This question was originally posted on Physics SE, (now deleted) but I think this community is a better fit.
This article "New" type of Clouds, reports that a revision to the International Cloud Atlas will include 12 extra examples of cloud shapes.
This time around 12 new terms have been added. The best known of these is asperitas, meaning rough-like in Latin, as the clouds can look like the tossing of the waves at sea when viewed from below.
I am aware that these are not new cloud types per se, rather the article is referring to a reclassification system.

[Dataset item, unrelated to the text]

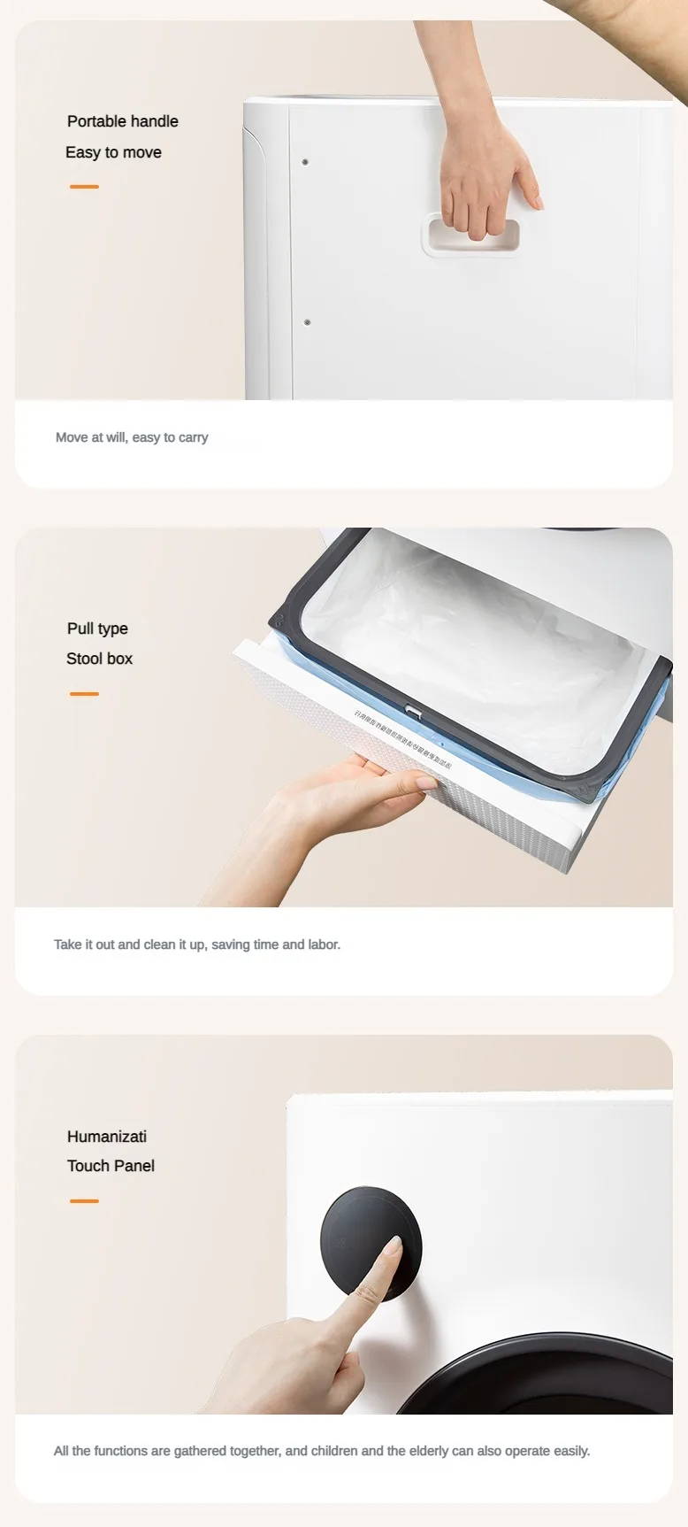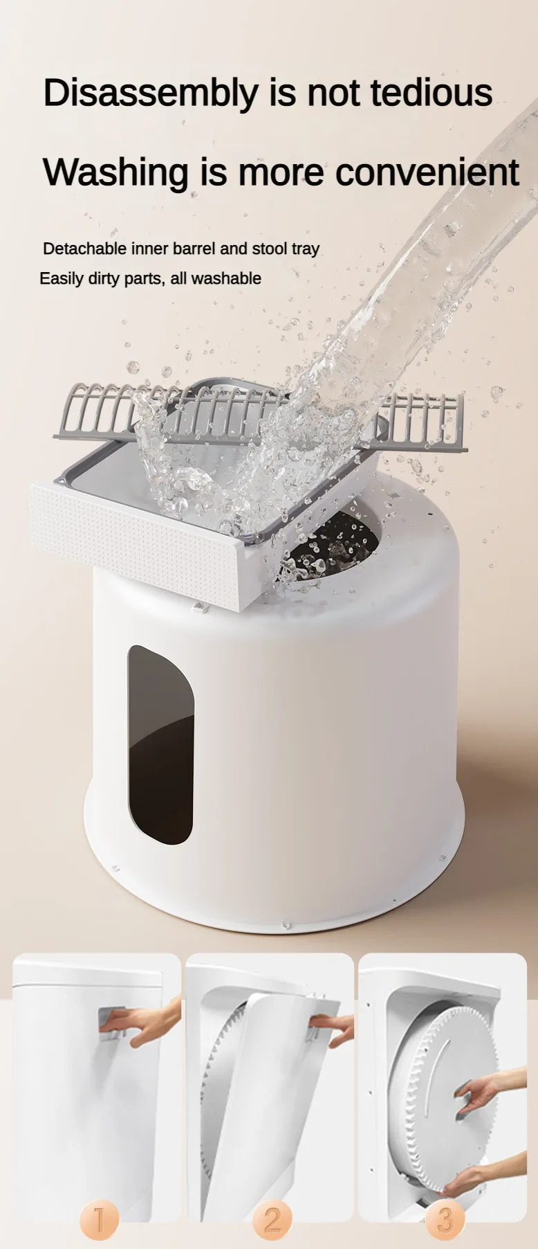 Removable and easy-to-dirty parts of inner barrel and toilet tray, all washable
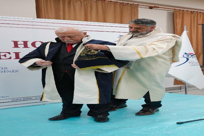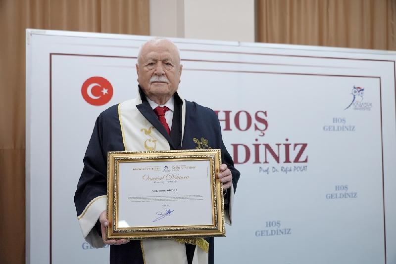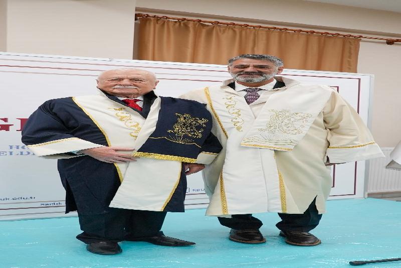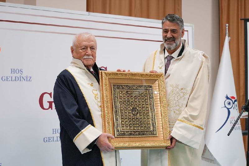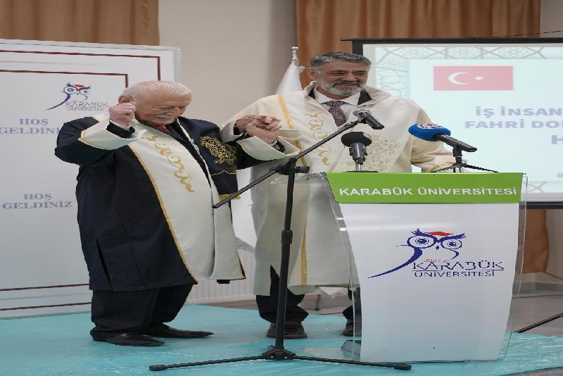 Karabük Üniversitesi Rektörü Prof. Dr. Refik Polat, Karabüklü hayırsever iş insanı Şefik Yılmaz Dizdar'a “fahri doktora” diplomasını takdim etti.

These cloud types in all probability have been in existence for a long time, and it is due to the increasing use of cameras on smartphones that has contributed to their new prominence in the Atlas. The article I cite above includes references to the well known jet contrails, but does not ascribe any more significance to these cloud classifications than that.
In terms of the way the WMO classifies clouds, they have also added one new "species" - the volutus, or roll-cloud, a low horizontal tube-shaped cloud mass that appears to roll about a horizontal axis.
My question, promoted by this reclassification of existing cloud types, is: could new cloud types be associated with human activity and, (a tenuous connection I admit), could we use the amount of these putative new cloud types to act as a crude marker of our impact on the current atmospheric environment?
I would stress that the website of the International Cloud Atlas makes no obvious, at least on initial reading, link to my question above.
I am aware of the Penn State Jet Trail Research regarding jet trails, in particular their absence from the atmosphere following the 9/11 attacks and subsequent temporary flight ban.